James Woolsey, the former director of the Central Intelligence Agency, is making me a fresh cup of Trader Joe’s coffee. We are sitting around his kitchen island, two cats afoot, in the tasteful, solar-powered farmhouse where he lives with his wife near Annapolis, Maryland. Looking out the windows at the fields rolling to the West River, Woolsey excitedly describes his plans to plant camelina, a hardy Eurasian plant whose oil he hopes to convert to biofuel to supplement his geothermal heating system.
Tall and lanky and dressed in a navy sweater, an oxford shirt, jeans, and Top-Siders, the 66-year-old tells me the story of how he, a self-described “Scoop Jackson/Joe Lieberman Democrat” who served as Jimmy Carter’s undersecretary of the Navy and Bill Clinton’s cia director and was known for his support of Iraqi exile Ahmad Chalabi and the Iraq War, became an ardent advocate for energy independence.
Like many clean-energy enthusiasts, Woolsey is part geek, part zealot. He’s happy to spend a Saturday morning showing off the three rows of photovoltaic panels on his roof, the meter in his basement that displays when his house is feeding electricity back to the grid, and his white hybrid with a “Bin Laden Hates This Car” bumper sticker. “In two weeks,” he boasts of his next oil-saving upgrade, “my Prius is going to become a plug-in.” He wrote the foreword to 50 Simple Steps to Save the Earth From Global Warming, appeared in Who Killed the Electric Car? and Leonardo DiCaprio’s The 11th Hour, and cofounded a group to wean Americans from foreign oil.
As Woolsey explains it, there is a seamless connection between his strategic worldview and energy-independence convictions.

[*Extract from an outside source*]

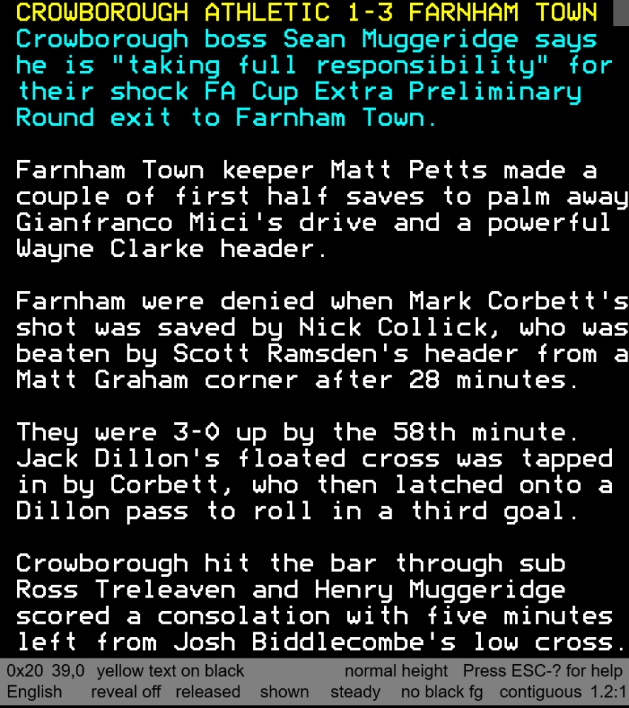 But Farnham Town should have taken the lead when Cardona spun his marker on the edge of the Crowborough penalty area and played in Corbett, who stroked his shot towards the bottom far corner from 10-yards, where a quick-thinking Collick rushed off his line to smother the shot, low to his left.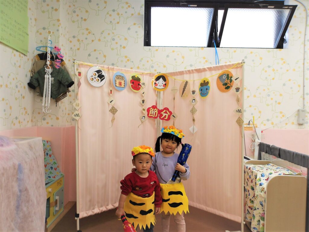 鬼の登場に驚いて泣く子や、勇気を出して立ち向かう子など、さまざまな姿を見ながら、季節の行事を楽しく過ごすことができました!

In an op-ed he coauthored for National Review last September, he wrote of ending our reliance “on the whims of opec‘s despots, the substantial instabilities of the Middle East, and the indignity of paying for both sides in the War on Terror.” He still thinks the United States should continue its global military role even as it untangles itself from the Middle East, standing by the decision to depose Saddam Hussein. “I’d support his ouster again if there weren’t a drop of oil in Iraq,” he explains. “If all that had been at issue was the oil, the simple thing to do would have been to just buy it.”

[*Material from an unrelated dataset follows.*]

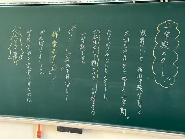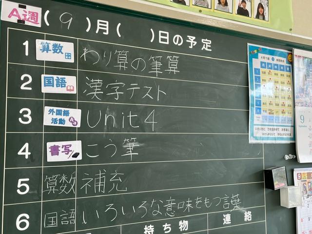 また、各教室の黒板には、担任から子どもたちへのメッセージが書かれていました。担任は、いつ書いたんだろう?

Woolsey recalls the moment he started thinking seriously about energy as both an environmental and strategic issue. “I was sitting in my car in a gas line in Washington in ’73, after the Saudis had declared an oil embargo on us and Israel was attacked,” he says. “And I got mad.” Energy issues have captivated him ever since. In the early ’80s, he joined the Jefferson Group, an alternative-fuel salon founded on the Jeffersonian ideal “that the future of America is determined by the independent yeoman farmer.”
An independent streak has run throughout Woolsey’s 40-plus years in Washington. He has served in four administrations, both Republican and Democratic. In the twilight of the Cold War, he found himself increasingly identifying with Republicans on national security. He spent three years as a member of then-defense secretary Donald Rumsfeld’s Defense Policy Board. When I met with him, he was expecting another career change, leaving the federal contractor Booz Allen Hamilton to join a California firm that invests in alternative-energy technology. He’d also just appeared in an anti-oil print ad for the American Clean Skies Foundation, a PR group started by a natural gas company.
Being a green neoconservative is becoming less lonely, Woolsey says, especially as more hawks come to see energy as a security issue. He tells a story about an argument with a friend who is a global warming skeptic. When Woolsey explained how improvements to the electrical infrastructure could make it safer from terrorists, his friend replied, “Oh, well, that’s fine, then—we can do all that as long as it’s not because of this fictional global warming.” Former House leader Newt Gingrich recently came out in support of renewable energy, and the members of Woolsey’s Set America Free Coalition include such prominent hawks as Daniel Pipes, Frank Gaffney, and Cliff May. “It’s less that hawks are going green as that hawks and greens have some common interests,” May explains.
Woolsey concedes that he is disappointed in the Bush administration’s indifference toward renewable energy, but he notes that the president’s admission that “we’re addicted to oil” was “a sign that they’re starting to take the issue seriously.”
What does he think it will take to get Americans to really kick the oil habit? Woolsey’s looking to fellow Iraq War stalwart John McCain to do the job, citing the senator’s support for a carbon-cap-and-trade system (cosponsored by Lieberman). “McCain is like Teddy Roosevelt,” Woolsey says. “You know, Teddy Roosevelt was an environmentalist. He helped found the national park system.” And how long does he think a Republican-led energy revolution would take? He estimates about eight years.